• [Excerpted records]
********************
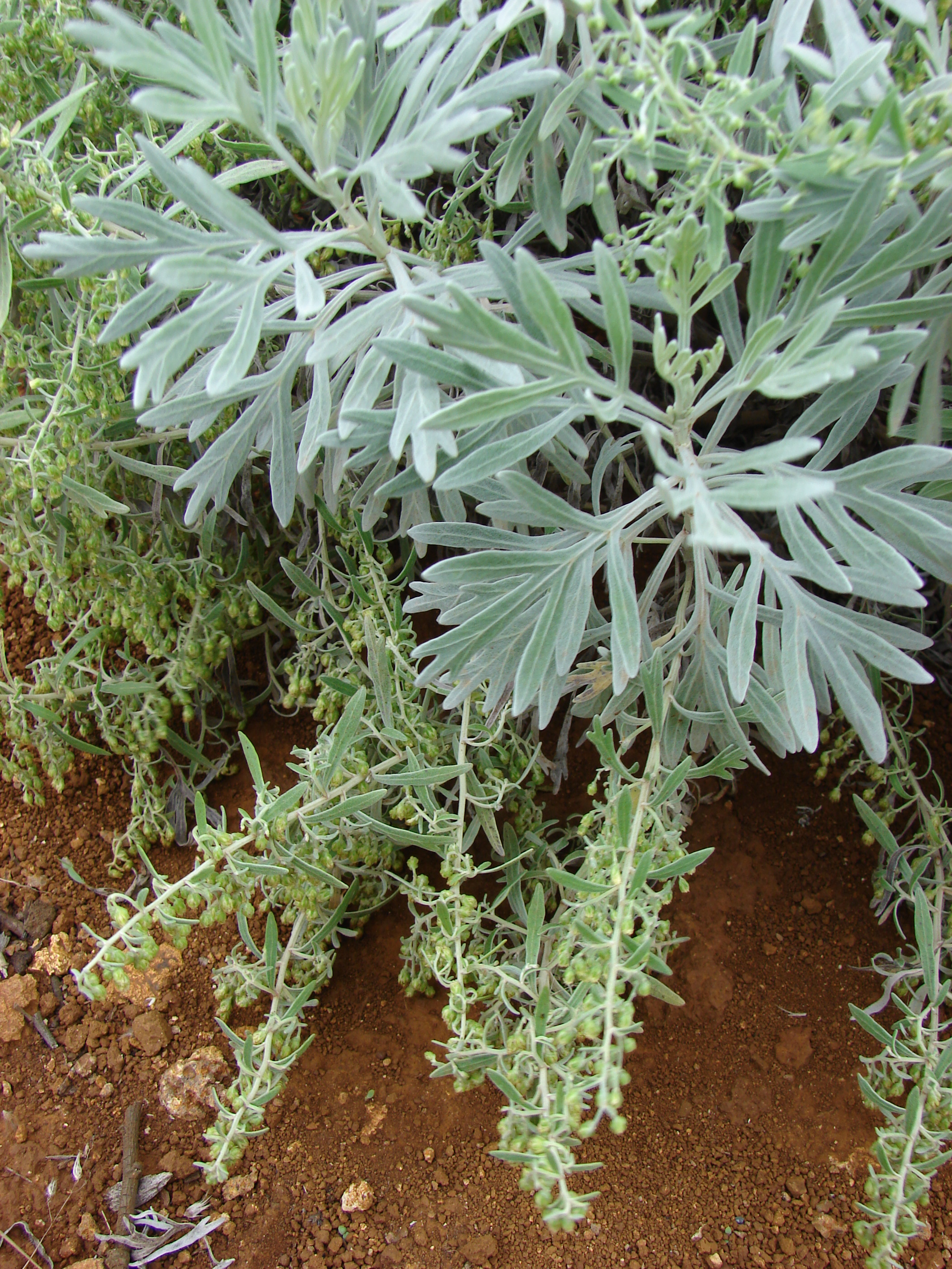 Artemisia australis (Ahinahina, hinahina, hinahina kuahiwi) Flowers and leaves at Uprange, Kahoolawe, Hawaii. December 30, 2008 #081230-0624 Image Use Policy
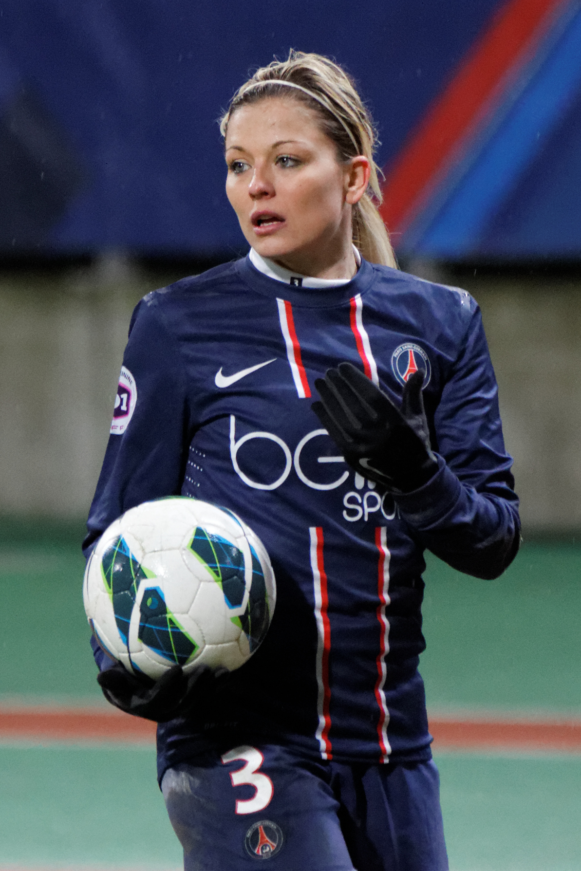 PSG-Montpellier, January 13th, 2013. Laure Boulleau (PSG).
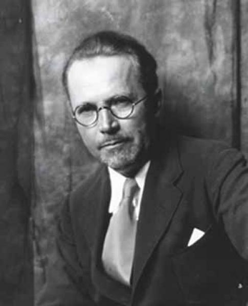 Photograph of John Fabian Carlson, painter.
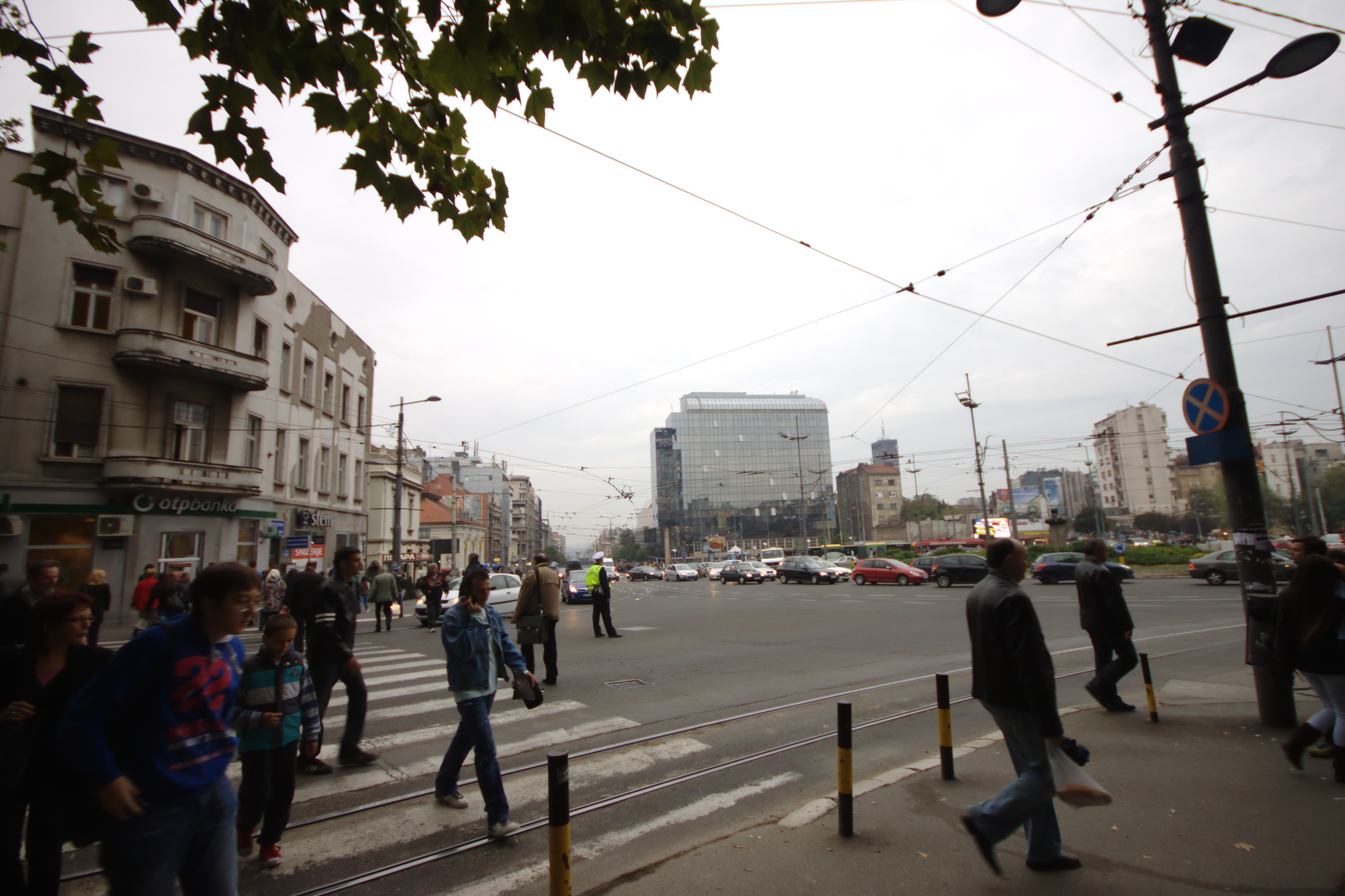 Central part of Belgrade, Serbia
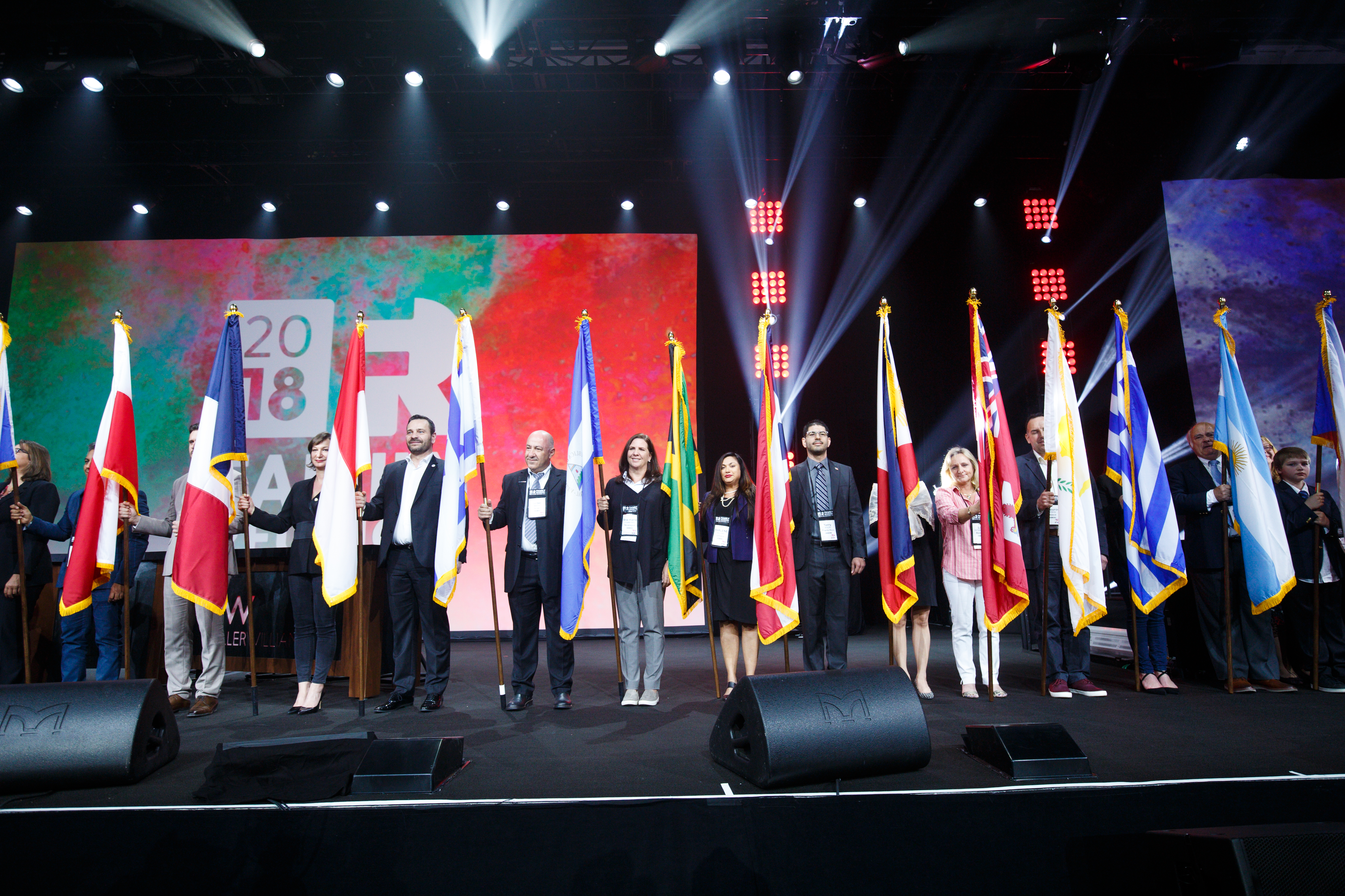 Opening ceremony highlights
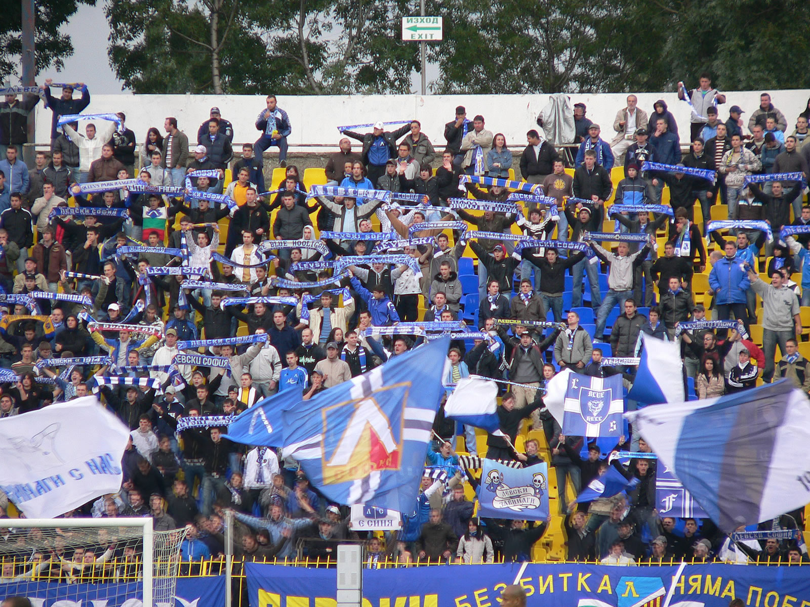 Fans of Bulgarian football club PFC Levski Sofia during their 2008-09 season A PFG home match against PFC Litex Lovech.
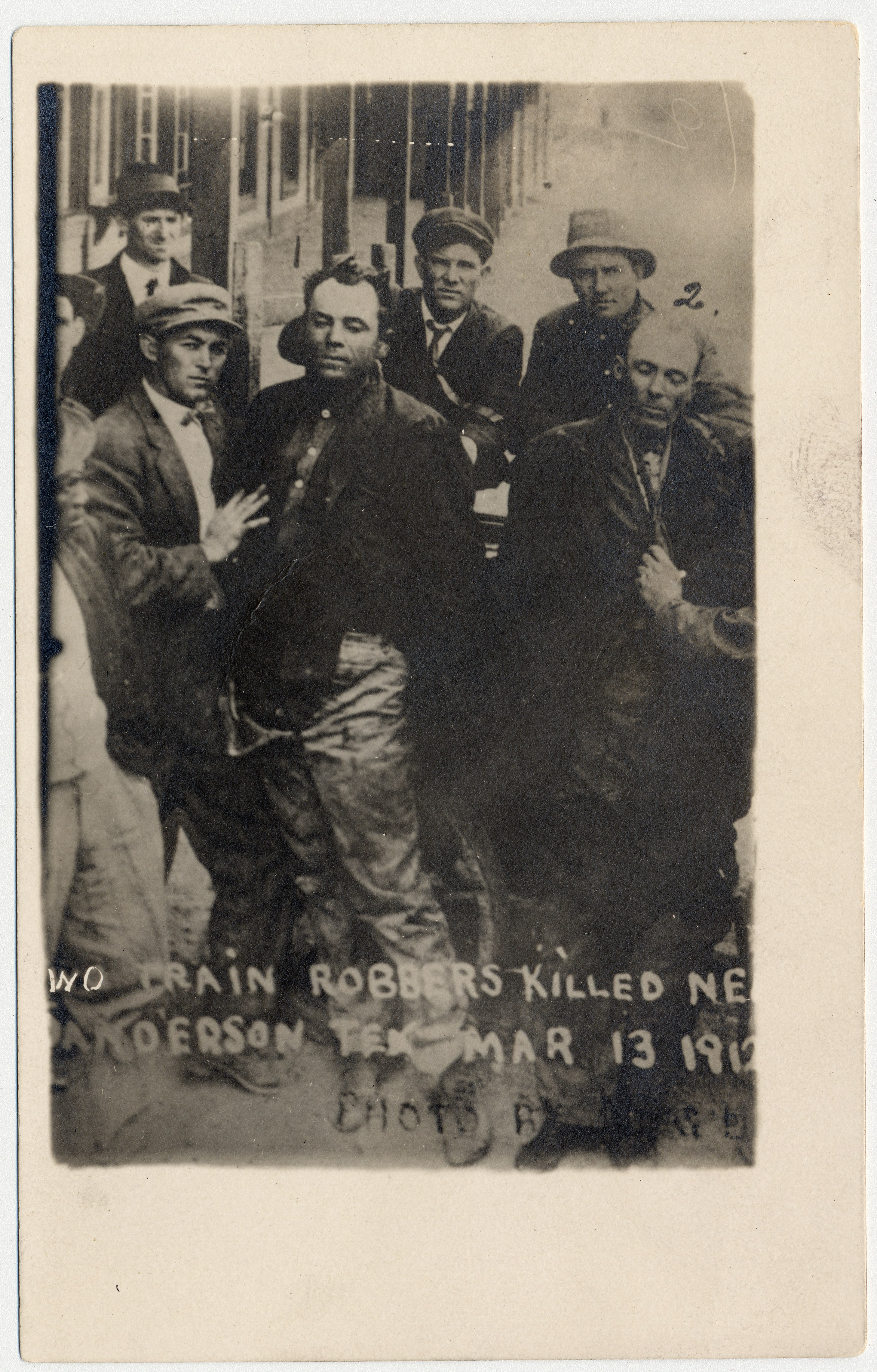 Title: Two train robbers killed near Sanderson Tex., Mar. 13, 1912 Abstract/medium: 1 photographic print (postcard)
********************
• [Instructions for the task]
Leaving out the pictures, transcribe the material above exactly.

• [Reply]
 Artemisia australis (Ahinahina, hinahina, hinahina kuahiwi) Flowers and leaves at Uprange, Kahoolawe, Hawaii. December 30, 2008 #081230-0624 Image Use Policy
 PSG-Montpellier, January 13th, 2013. Laure Boulleau (PSG).
 Photograph of John Fabian Carlson, painter.
 Central part of Belgrade, Serbia
 Opening ceremony highlights
 Fans of Bulgarian football club PFC Levski Sofia during their 2008-09 season A PFG home match against PFC Litex Lovech.
 Title: Two train robbers killed near Sanderson Tex., Mar. 13, 1912 Abstract/medium: 1 photographic print (postcard)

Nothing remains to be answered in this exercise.